Читаем Преданный полностью

Больной Ублюдок прав, сказал Шеф. Этот мужик выслушивает исповеди богачей и сильных мира сего. Я хочу слушать исповеди богачей и сильных мира сего. Он вряд ли захочет, чтобы это кто-то увидел, и потому расскажет мне, что это за исповеди.

На экране священник при помощи четок совершал исключительно святотатственный поступок. Я никогда не молился по четкам и уже не смогу больше, как прежде, смотреть на четки после того, как священник осквернил их самым дьявольским образом.

Видеть это не могу, сказала соблазнительная секретарша и отвернулась.

Это все потому, что ты католичка, ухмыляясь, сказал Ронин.

Это потому, что я женщина.

Заткнитесь, сказал Шеф. Он вытащил видеокассету и отдал ее соблазнительной секретарше, которая написала на ней СВЯЩЕННИК С БЕЛОЙ РАБЫНЕЙ. Шеф вставил новую кассету, и тут главными героями были ППЦ с Мадлен.

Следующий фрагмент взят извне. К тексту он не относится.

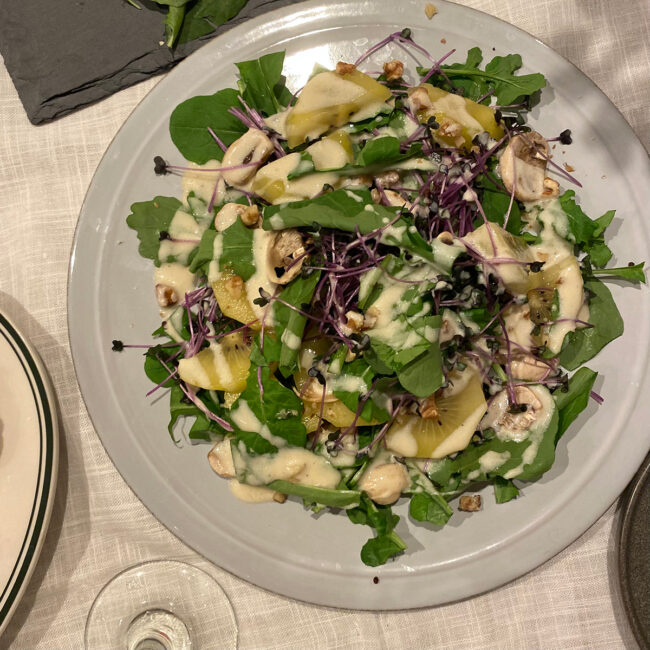 一品目はキウイとマッシュルームのサラダ・ヨーグルトドレッシング。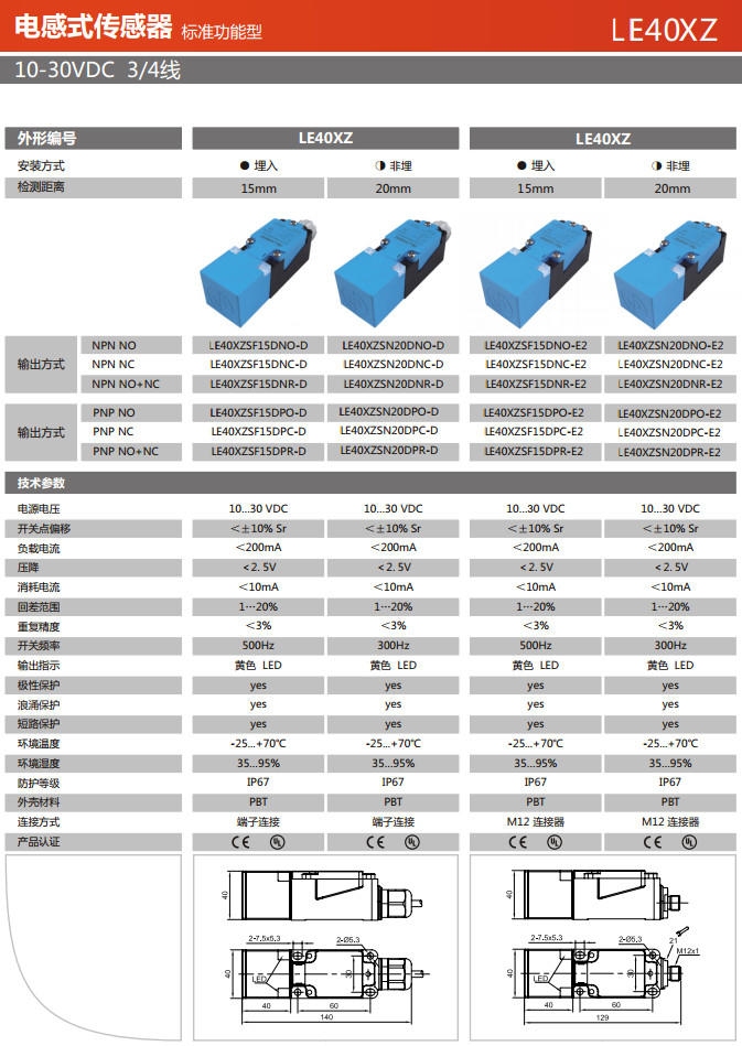 詳細信息 LE40XZSF15DNO-D,LE40XZSF15DNC-D,LE40XZSF15DNR-D,LE40XZSN20DNO-D,LE40XZSN20DNC-D,電感式傳感器

Этот мужик как вечный двигатель, сказал Ронин.

Впечатляет, согласился Шеф. Понаблюдав за ним сегодня, я его даже зауважал.

Да, но его причиндал похож… похож… на гриб, сказала соблазнительная секретарша.

На это никто ничего не ответил – то, о чем нельзя говорить, следует обойти молчанием.

Что это? – щурясь, спросил я.

Фуа-гра, ответил Ронин.

Фу-ты господи, простонала соблазнительная секретарша, меня сейчас стошнит. Вот извращенец.

Босс хохотнул. Не хуже нашего, сказал он, помешивая кофе. Ну что, похоже, у нас есть все, что нужно. Эти пленки мы оставим дозревать – как хорошее вино. Они будут стоить гораздо, гораздо дороже, если ППЦ и впрямь окажется таким талантливым политиком, каким он себя мнит.

И станет когда-нибудь мэром Парижа? – спросил Ронин. Министром?

Молотов! – сказал Шеф, поднимая свой бокал.

Молотов? – переспросил Ронин.

Так ведь евреи говорят, когда что-то празднуют?

Мазаль тов, сказала соблазнительная секретарша. Они говорят мазаль тов.

Шеф пожал плечами. Мне Молотов больше нравится.

Я спрятал видеокассеты в чемоданчик и положил его в багажник Шефовой машины, которая ждала нас на улице. Сидевший за рулем Лё Ков Бой повез нас – я сидел впереди, Шеф с Ронином сзади – под утренним солнцем в сторону склада, потому что Шеф сказал, что надо уже развязаться с этой херней до сегодняшней «Фантазии». Лё Ков Бой вставил в магнитолу кассету, которую ему дал Ронин, и тогда-то я и услышал впервые песни Жака Дютрона, оказавшегося гораздо лучше Джонни Холлидея, хотя некоторые строчки поначалу заставили меня призадуматься.

Sept cent millions de chinoisEt moi, et moi, et moi[13].

При чем тут вообще китайцы? А вот так вот, c’est la vie, как пел Дютрон в конце каждого куплета, пересчитав заодно и индонезийцев, и всех чернокожих, и даже вьетнамцев. C’est la vie! Как это по-французски! Как очаровательно! Не хватало только куплета про ублюдков, странно, с чего бы это, ведь Дютрон спел и про русских, и про марсиан, и про голодающих, и про неидеальных людей, если, конечно, я правильно расслышал. Ведь по всему миру живут, наверное, десятки миллионов ублюдков, огромная диаспора чужаков, из которой вполне можно составить разношерстную нацию. Но нужна ли мне нация? Если я сам не нация, значит, я – никто, а если так, то мне нужна не нация, а собственное воображение.

Проблема была как раз в том, что я не всегда использовал свое воображение на всю катушку. Мне помогло это понять самое шокирующее видео, хоть никаких плотских утех на нем заснято и не было. Там были две девушки, и никого больше – сами по себе условия, конечно, погорячее водородной бомбы, да только эти две просто… разговаривали? Я увеличил громкость, чтобы послушать, о чем говорят брюнетка и рыжая, – первый диалог на пленках, не имеющий отношения к разврату, совокуплению или заурядному половому акту.